Mar*_*boe 9 java optimization performance micro-optimization neural-network

我试图建立一个简单的前馈神经网络的Java端口.
这显然涉及大量的数值计算,所以我试图尽可能地优化我的中心循环.结果应该在float数据类型的限制范围内正确.

我当前的代码如下所示(错误处理和初始化已删除):

/**
 * Simple implementation of a feedforward neural network.

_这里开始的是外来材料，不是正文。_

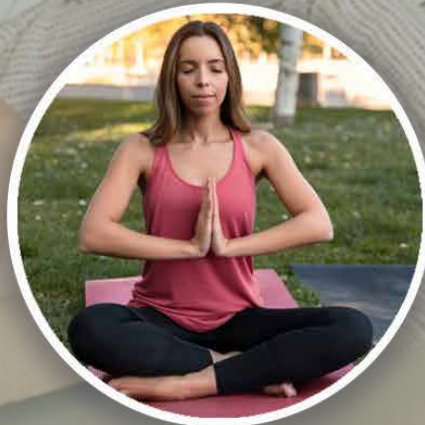
Área de meditación

The network supports
 * including a bias neuron with a constant output of 1.0 and weighted synapses
 * to hidden and output layers.
 * 
 * @author Martin Wiboe
 */
public class FeedForwardNetwork {
private final int outputNeurons;    // No of neurons in output layer
private final int inputNeurons;     // No of neurons in input layer
private int largestLayerNeurons;    // No of neurons in largest layer
private final int numberLayers;     // No of layers
private final int[] neuronCounts;   // Neuron count in each layer, 0 is input
                                // layer.
private final float[][][] fWeights; // Weights between neurons.
                                    // fWeight[fromLayer][fromNeuron][toNeuron]
                                    // is the weight from fromNeuron in
                                    // fromLayer to toNeuron in layer
                                    // fromLayer+1.
private float[][] neuronOutput;     // Temporary storage of output from previous layer


public float[] compute(float[] input) {
    // Copy input values to input layer output
    for (int i = 0; i < inputNeurons; i++) {
        neuronOutput[0][i] = input[i];
    }

    // Loop through layers
    for (int layer = 1; layer < numberLayers; layer++) {

        // Loop over neurons in the layer and determine weighted input sum
        for (int neuron = 0; neuron < neuronCounts[layer]; neuron++) {
            // Bias neuron is the last neuron in the previous layer
            int biasNeuron = neuronCounts[layer - 1];

            // Get weighted input from bias neuron - output is always 1.0
            float activation = 1.0F * fWeights[layer - 1][biasNeuron][neuron];

            // Get weighted inputs from rest of neurons in previous layer
            for (int inputNeuron = 0; inputNeuron < biasNeuron; inputNeuron++) {
                activation += neuronOutput[layer-1][inputNeuron] * fWeights[layer - 1][inputNeuron][neuron];
            }

            // Store neuron output for next round of computation
            neuronOutput[layer][neuron] = sigmoid(activation);
        }
    }

    // Return output from network = output from last layer
    float[] result = new float[outputNeurons];
    for (int i = 0; i < outputNeurons; i++)
        result[i] = neuronOutput[numberLayers - 1][i];

    return result;
}

private final static float sigmoid(final float input) {
    return (float) (1.0F / (1.0F + Math.exp(-1.0F * input)));
}
}

Run Code Online (Sandbox Code Playgroud)

我使用-server选项运行JVM,到目前为止,我的代码比类似的C代码慢25%到50%.我该怎么做才能改善这种情况？

谢谢,

马丁威比

编辑#1:在看到大量的回复之后,我应该澄清一下我们场景中的数字.在典型运行期间,该方法将使用不同的输入调用约50.000次.典型的网络将具有numberLayers = 3层,分别具有190,2和1个神经元.因此,最里面的循环将具有大约2*191+3=385迭代(当计算层0和1中添加的偏置神经元时)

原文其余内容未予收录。